My Mom fell and now I'm in a panic. I've tried and tried to get her to start making plans but she always made the excuse that she was too tired etc. Now I don't want her to go back to her apartment because even before the fall I knew she needed more care than I could give. There are no plans made....No POA no funeral arrangements nothing. I don't know where to start. I know I sound like a complete idiot but I am disabled also and work I can't sort my brain out right now. I'm worried about her savings for funeral costs and her bills.
As for her end of life stages and subsequent final arrangements, it is important you do all you can to get her to give you the power to act on her behalf. If she will not, you have no choice but to let her eat the fruit of her own way.
My mother is 89. She us more stubborn than a mule. Evidence of age related dementia is showing. Yet, in all my efforts, she refuses to give me any authority to act on her behalf. She claims I’m just going to lock her up and throw away the key. Therefore, I am unable to make any decisions once she gets beyond a place where she is not cognitive enough to care for herself. The state where she lives (Colorado) will end up making all her arrangements for care and she’s not going to like it. As for her passing, I will simply tell the state to cremate her and ship her cre-mains to me.
I want to help, but her stubbornness won’t allow me to do as such.
Give your mom the facts and move on. Tell her you love her and move on. While as a child you have the desire to help her, you are not responsible for her bad choices.
About her possible return to her apartment: that's up to her. Just because you can't provide the care or support she needs doesn't mean that nobody can. (She doesn't have "early onset" dementia, by the way, seeing as she's 91; you mean she is in the early stages of dementia, and that shouldn't incapacitate her too much to discuss her arrangements with social workers and discharge planners.)
Pay attention to whatever discussions are taking place but only to make sure that any proposed plans do NOT rely on your participation; beyond that, if your mother can sort things out to suit herself, good luck to her.
You're also not responsible for paying for her funeral: her estate is, and if there is no estate then your local municipal authorities must manage it. So sit easy and find something more cheerful to talk to her about.

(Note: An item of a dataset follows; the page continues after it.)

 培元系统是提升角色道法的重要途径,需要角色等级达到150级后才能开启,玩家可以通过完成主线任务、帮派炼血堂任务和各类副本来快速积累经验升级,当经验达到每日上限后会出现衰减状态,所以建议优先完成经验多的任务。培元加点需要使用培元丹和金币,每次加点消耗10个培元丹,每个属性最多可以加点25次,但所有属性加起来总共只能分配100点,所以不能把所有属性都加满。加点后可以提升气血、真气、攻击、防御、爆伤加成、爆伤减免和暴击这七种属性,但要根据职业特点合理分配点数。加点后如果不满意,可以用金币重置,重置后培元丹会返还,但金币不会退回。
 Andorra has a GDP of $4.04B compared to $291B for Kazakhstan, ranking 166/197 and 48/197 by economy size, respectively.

All you can do is all you can do.
If she has been diagnosed with dementia she can not assign POA since she is not cognizant. If it is not an "official" diagnosis you can try to get her to sign papers appointing you or someone else as POA.
You may have to discuss with an Elder Care Attorney the best course of action. Could be application for Medicaid. If she is a Veteran the VA may be of help if that is the case contact your local Veterans Assistance Commission to determine how much help you/she can get.

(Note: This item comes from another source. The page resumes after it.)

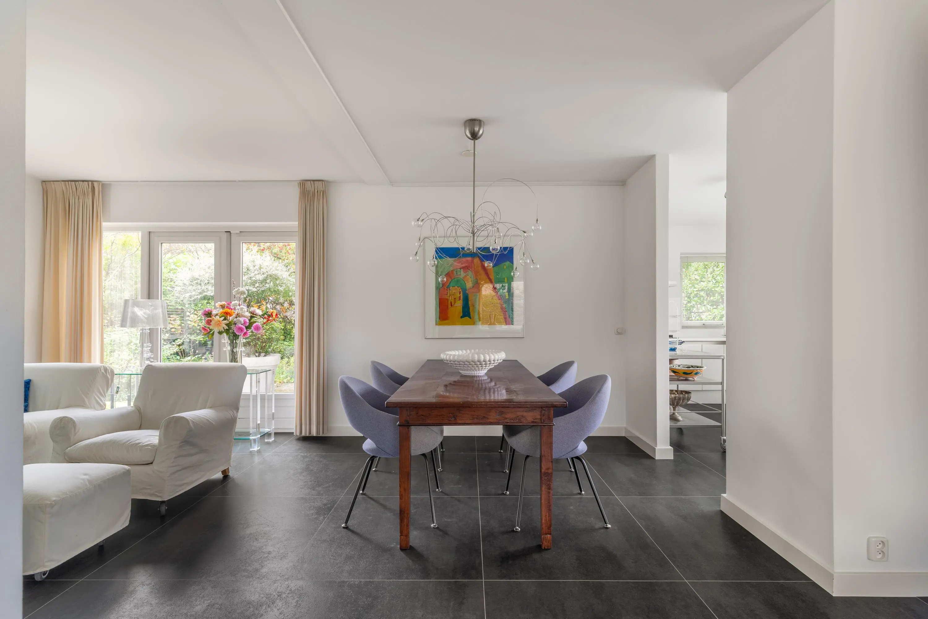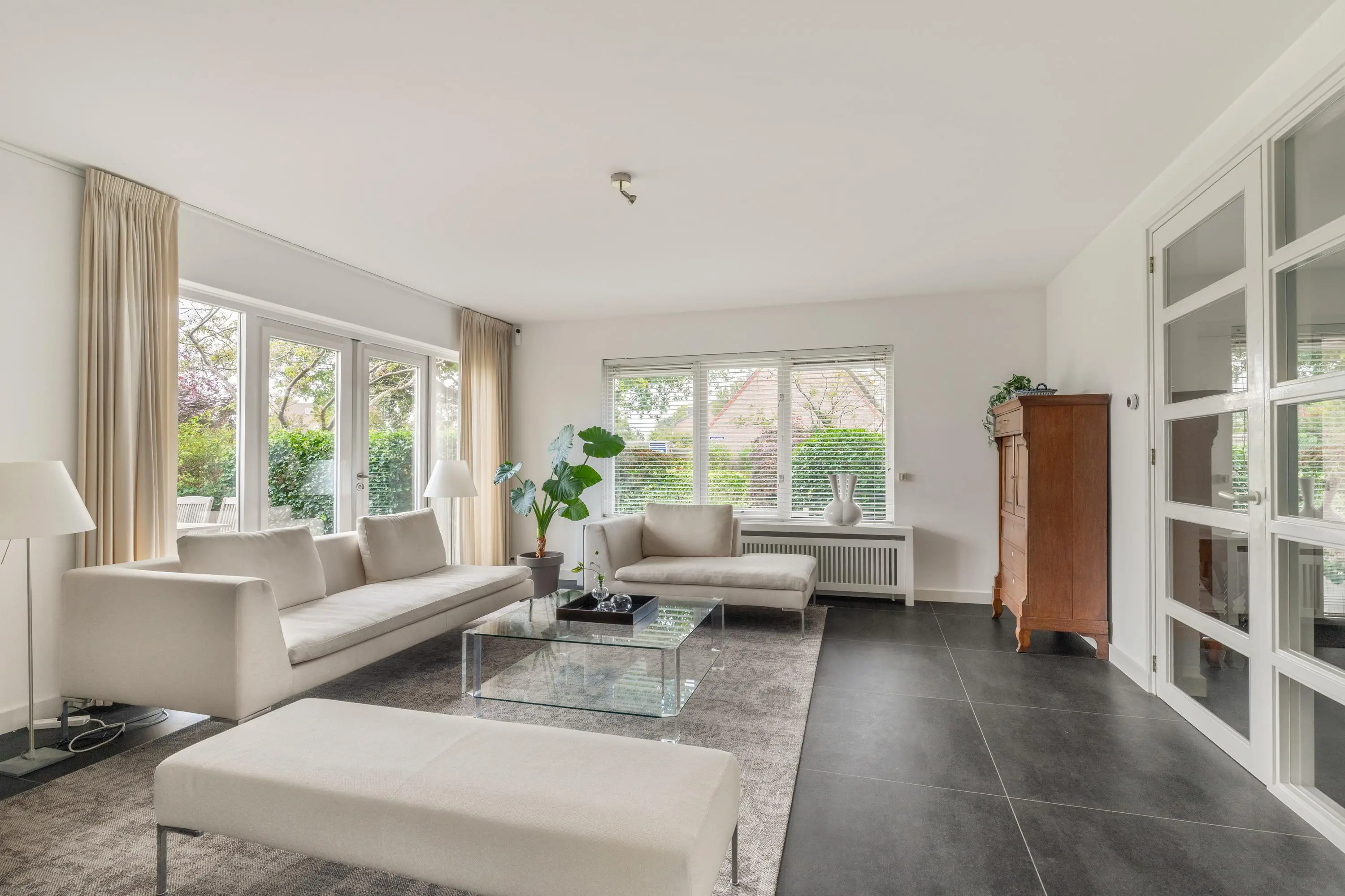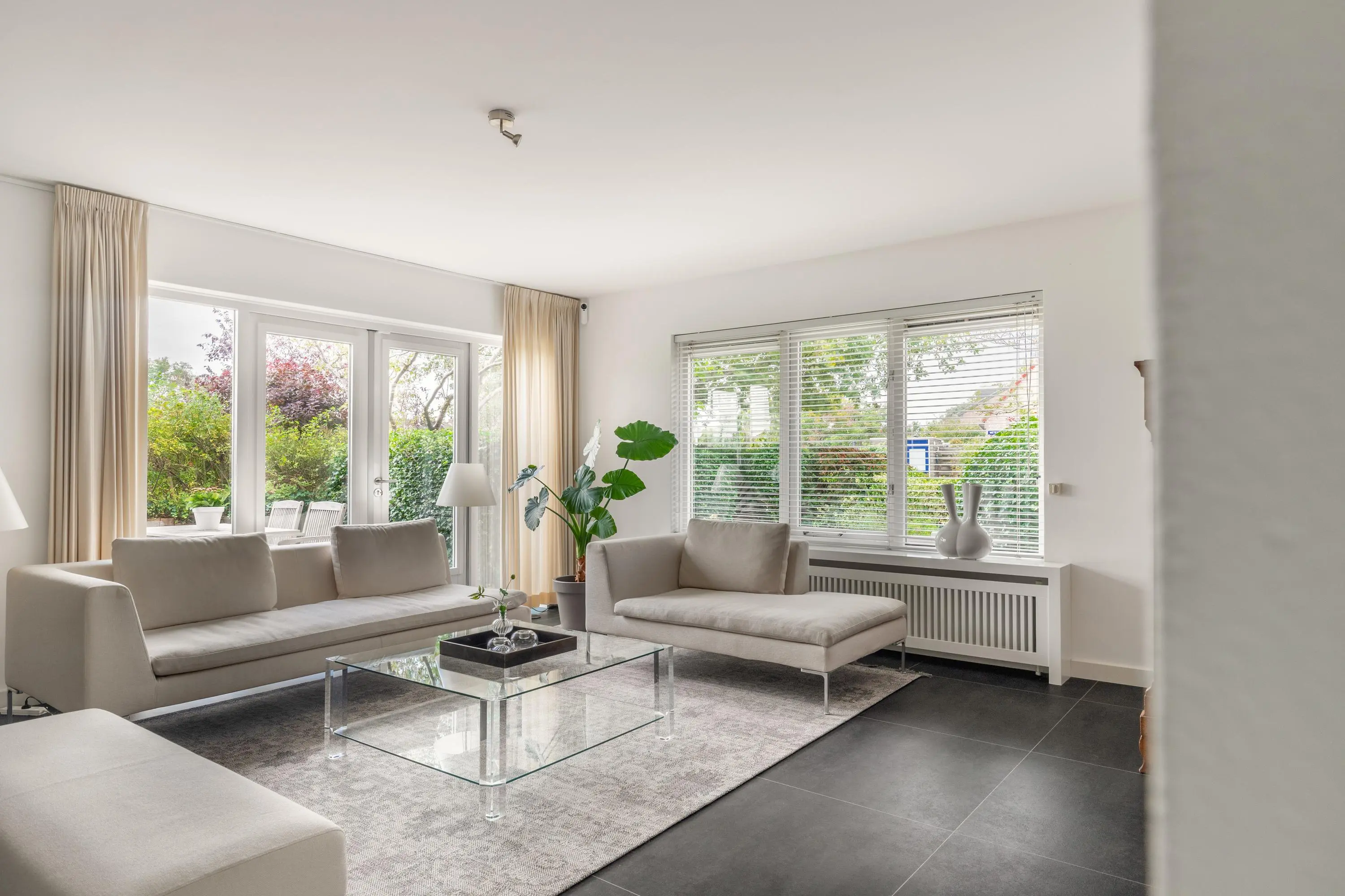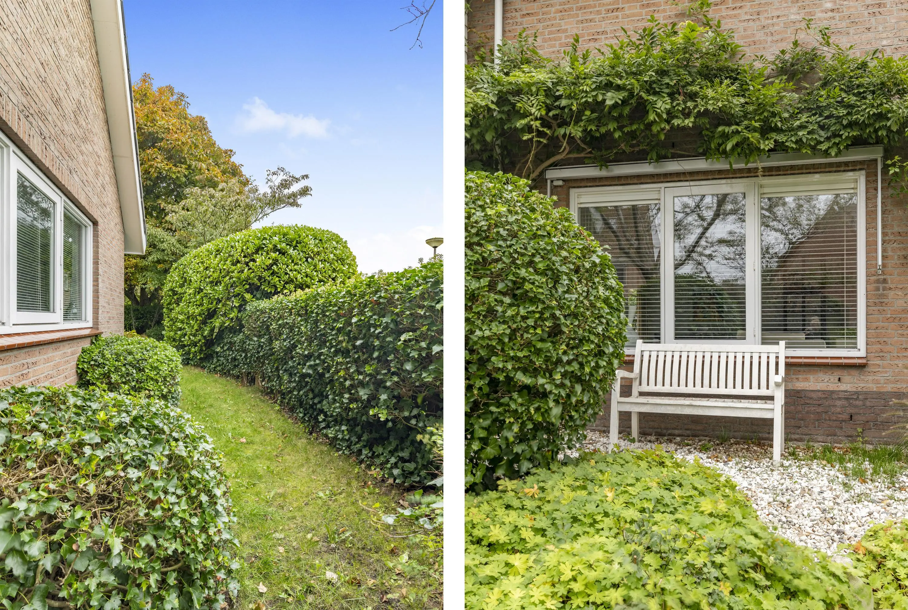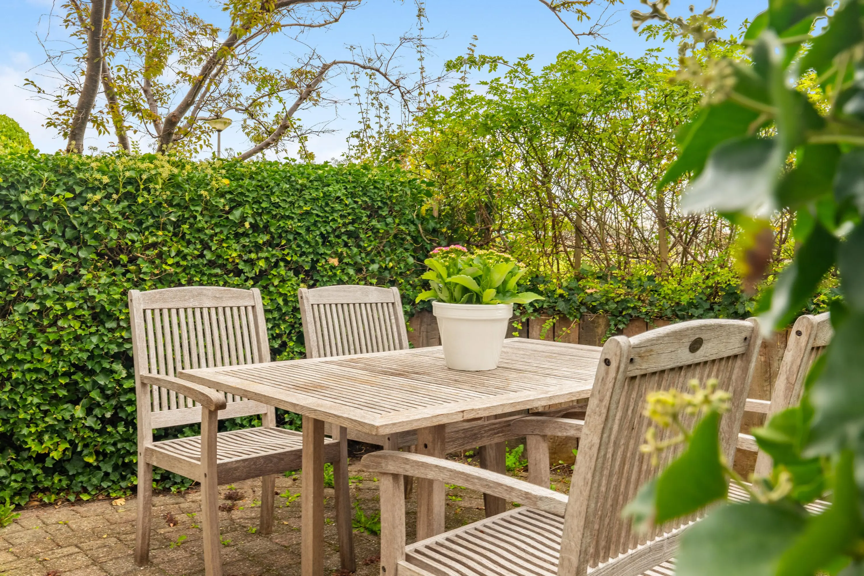 De woning beschikt over een rondom gelegen tuin, waardoor je op elk moment van de dag kunt kiezen voor zon of schaduw. Dankzij de openslaande deuren aan zowel de zij- als achterkant van de woning haal je het buitenleven moeiteloos naar binnen.

The important thing now is to make it very clear that to discharge her to her home is unsafe and that you can not care for her.
.sooner than later because she is probably still mentally able to sign the documents. Start there.

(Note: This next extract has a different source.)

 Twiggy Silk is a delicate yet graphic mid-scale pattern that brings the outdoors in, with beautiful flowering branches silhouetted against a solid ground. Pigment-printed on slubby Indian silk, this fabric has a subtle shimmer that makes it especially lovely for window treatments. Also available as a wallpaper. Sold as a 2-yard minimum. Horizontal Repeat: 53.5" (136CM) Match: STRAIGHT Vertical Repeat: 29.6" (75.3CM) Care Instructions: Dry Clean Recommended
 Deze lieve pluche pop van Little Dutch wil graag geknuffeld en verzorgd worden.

If she's going to another living arrangement, she will have to pay for that. Its not required that you sell a home (if she has one), but you have to be able to maintain it out of the available funds as well. In other words, the assisted living/nursing home gets paid first until the money is gone. She then can apply for Medicaid and I believe is still allowed to keep like $2000 for funeral costs. I'm not sure that you can pre-pay a funeral now to avoid it going to a care home.
What other sort of bills does she have other than the standard lights, heat, phone?
And again...just take a deep breath. One step at a time.
hug!!
i hope many people on this website have great advice for you.
i just want to say, i'm sorry for your mother and for you -- her falling, kidney, etc.
i hope she pulls through!!
some elderly people have enormous strength and pull through, despite emergencies. i hope she recovers very soon!!
bundle of joy
make sure discharge knows she is an unsafe discharge & you are disabled and WILL NOT be able to care for her. They will intensely pressure you, even make promises to “help” but do not believe this.
Work on getting HIPAA form to become your mom’s Medical Representative, and help her create her Advance Healthcare Directive.